Of particular interest, is that Academic Support is neither assigned, nor expressly described by, a caste. If titles correlate to perceptions of one’s status, the omission of an entire skills discipline should sound an alarm. ABA Standard 405 makes specific reference to legal writing faculty and clinical faculty, and none specifically to ASP. Legal writing professors deserve every advance they have fought for over the years, and more. Still we cannot presume to be included in the decades-long battle to erode the hierarchy separating doctrine from skills.
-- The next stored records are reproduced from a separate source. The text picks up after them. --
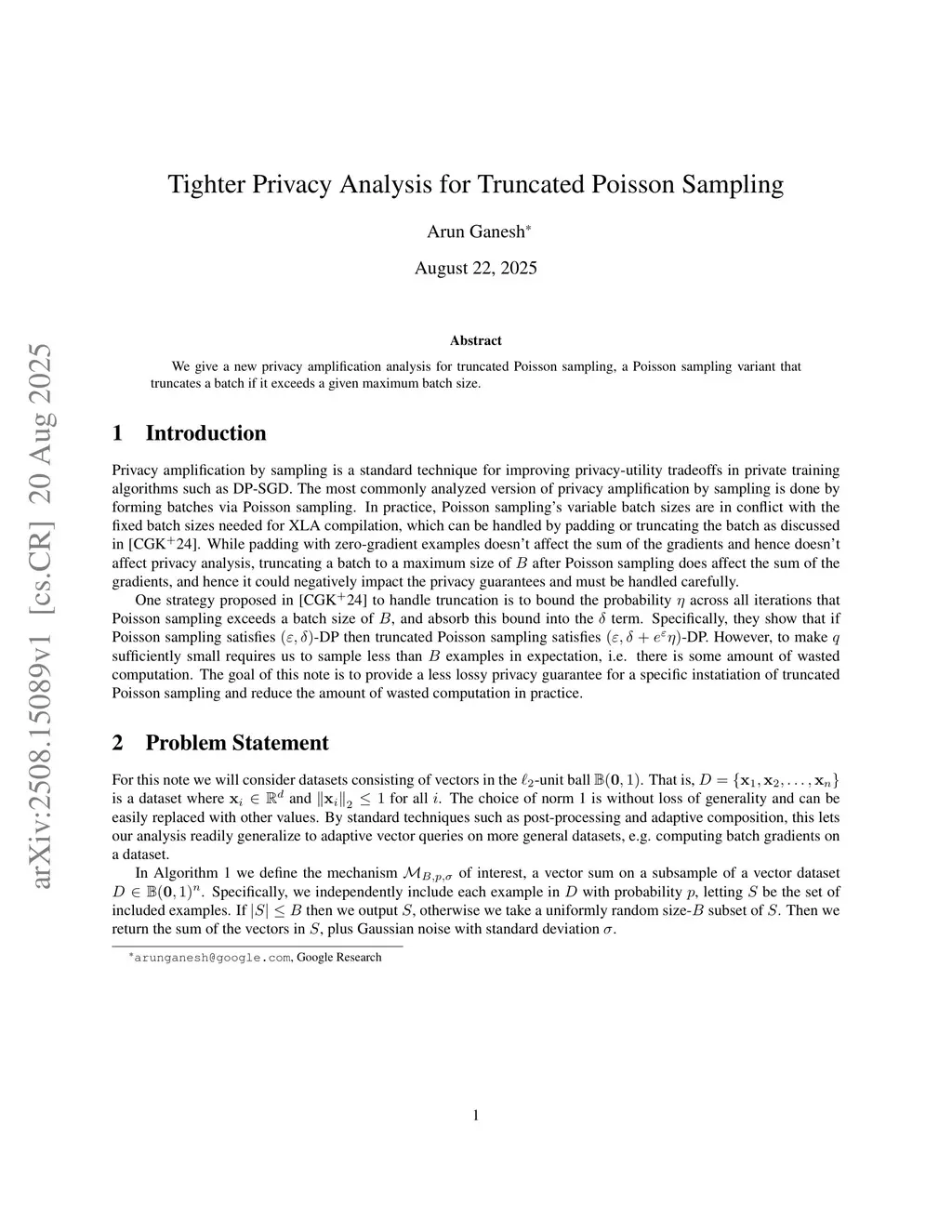We give a new privacy amplification analysis for truncated Poisson sampling, a Poisson sampling variant that truncates a batch if it exceeds a given maximum batch size.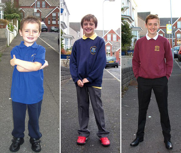 【环球网综合报道】据英国《每日邮报》9月5日报道,家住英国斯旺西市的男子罗伯特·奥谢在过去16年间,每年9月都在自家门口记录了儿子康纳开学第一天的美好时刻。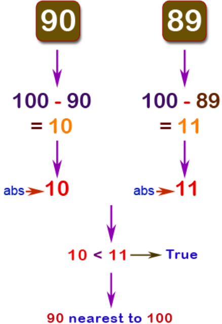 Write a C# Sharp program to check which number nearest to the value 100 among two given integers. Return 0 if the two numbers are equal
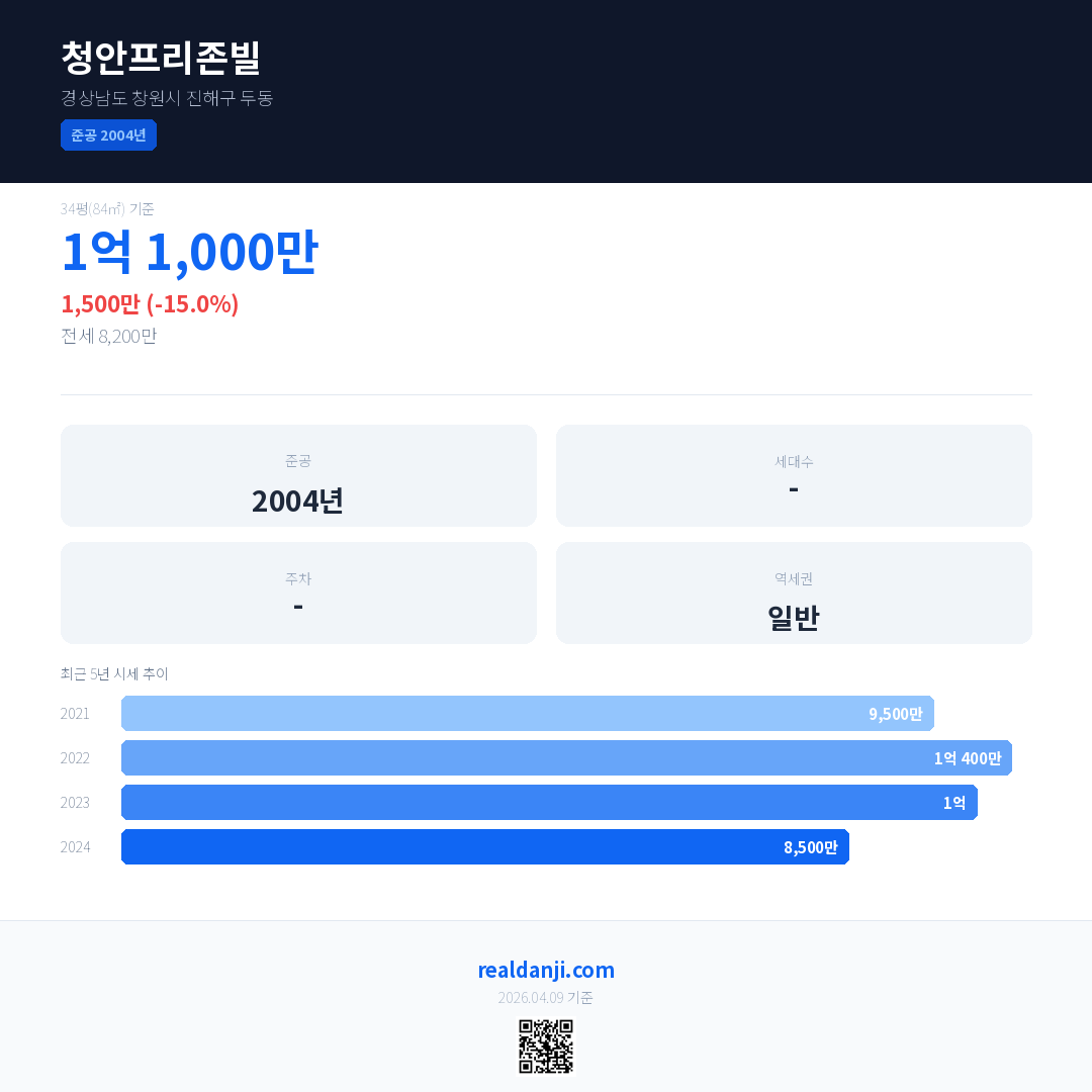 청안프리존빌 최근 거래가는 1억 1,000만입니다. (2024-04)

Our legal writing and clinical counterparts are rarely categorized as staff. Yet many in ASP have staff classifications, despite teaching required and elective courses. Too many in ASP are denied a voice or vote in the programs they teach or direct, are physically segregated far from the faculty hallways, and are denied budget funding for travel and professional development, and have 12-month appointments that limit writing projects and scholarly pursuits. Have law schools and the ABA created a caste-in-caste system by further subdividing the “skills” faculty? Why is ASP too often omitted from the from discussions about hierarchy and status?

Dickerson asks what our law schools would look like without the labor and skill of NTT. Would our program of education be as robust? Would student class performance and outcomes decline? Would our students succeed on the bar at the same rate? Perhaps we can add to her well-voiced list of questions: 1) how would our profession look without the unnecessary stratification that law schools perpetuate?  and 2) what are we willing to do about it?